Ofrecí anteriormente en esta columna La verdad sospechosa, de Juan Ruiz de Alarcón, y ahora me gustaría presentar Las paredes oyen (1628), del mismo autor que había leído hace muchos años. Se dice que los autores de teatro contemporáneo que dan importancia a los problemas sociales reales aprecian mucho las obras de Alarcón por su espíritu satírico que critica malos hábitos y la corrupción de la clase alta.
La protagonista de esta obra es doña Ana, viuda muy atractiva, perteneciente a la clase social alta. Ella se rodea de los siguientes personajes:
Don Mendo, galán atractivo, de muy buena posición social y objeto de admiración de las mujeres. Es novio de doña Lucrecia, prima de doña Ana, pero al mismo tiempo le declara hipócritamente su amor a doña Ana.
Don Juan, otro galán, noble, más o menos adinerado, pero feo. Las mujeres no lo aprecian en absoluto, a pesar de su buen corazón. Lleva mucho tiempo enamorado de doña Ana, y se supone que es alter ego del autor de esta obra.
Por otro lado, el Duque de Urbino, otro galán de muy buenas prendas, se enamora perdidamente de doña Ana, y el Conde, primo de don Mendo, se embelesa con Lucrecia.
Además, Celia, criada de doña Ana y Beltrán, empleado de don Juan, son quienes desempeñan un papel importante en la trama mezclada en confusión.
Se trata de mostrar las relaciones humanas muy complicadas, pero, a fin de cuentas, colorín colorado, doña Ana se une con don Juan y el Duque con Lucrecia.
Parece que la obra implica la lección de que, pese a que hablemos mal de alguien en su ausencia, todo lo que decimos acaba sabiéndose por medio de conductos insospechados.

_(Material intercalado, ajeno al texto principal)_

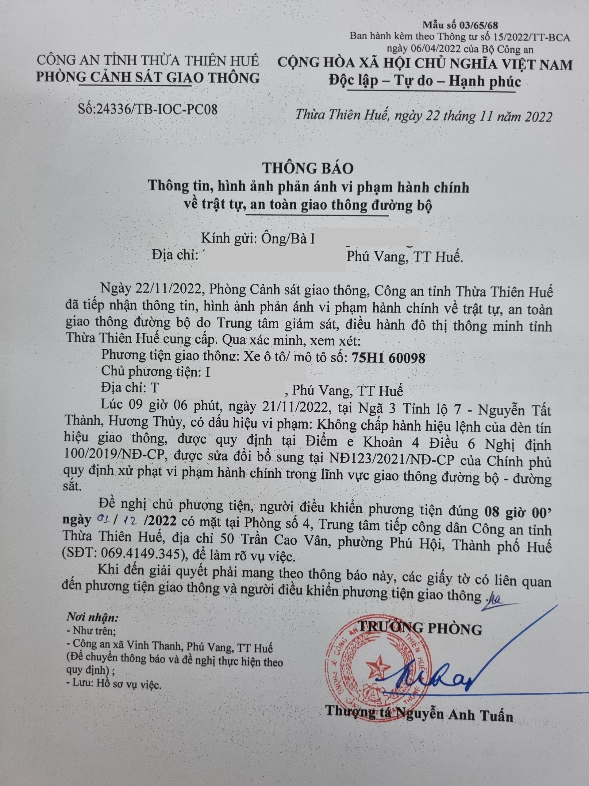 Phòng Cảnh sát giao thông xác định lỗi vi phạm của người điều khiển phương tiện 75H160098: Không chấp hành hiệu lệnh đèn tín hiệu giao thông, quy định tại điểm e, khoản 4, điều 6 Nghị định 100/2019/NĐ-CP được sửa đổi, bổ sung tại NĐ 123/2021/NĐ-CP.

Recuerdo que poco después de ingresar en la Universidad de Estudios Extranjeros de Osaka, en el Festival de Teatros que se realizaba tradicionalmente, se representó esta obra por los estudiantes de la facultad del español. Aún me resulta misterioso cómo fue posible interpretar esta obra tan difícil y complicada en el Festival Universitario.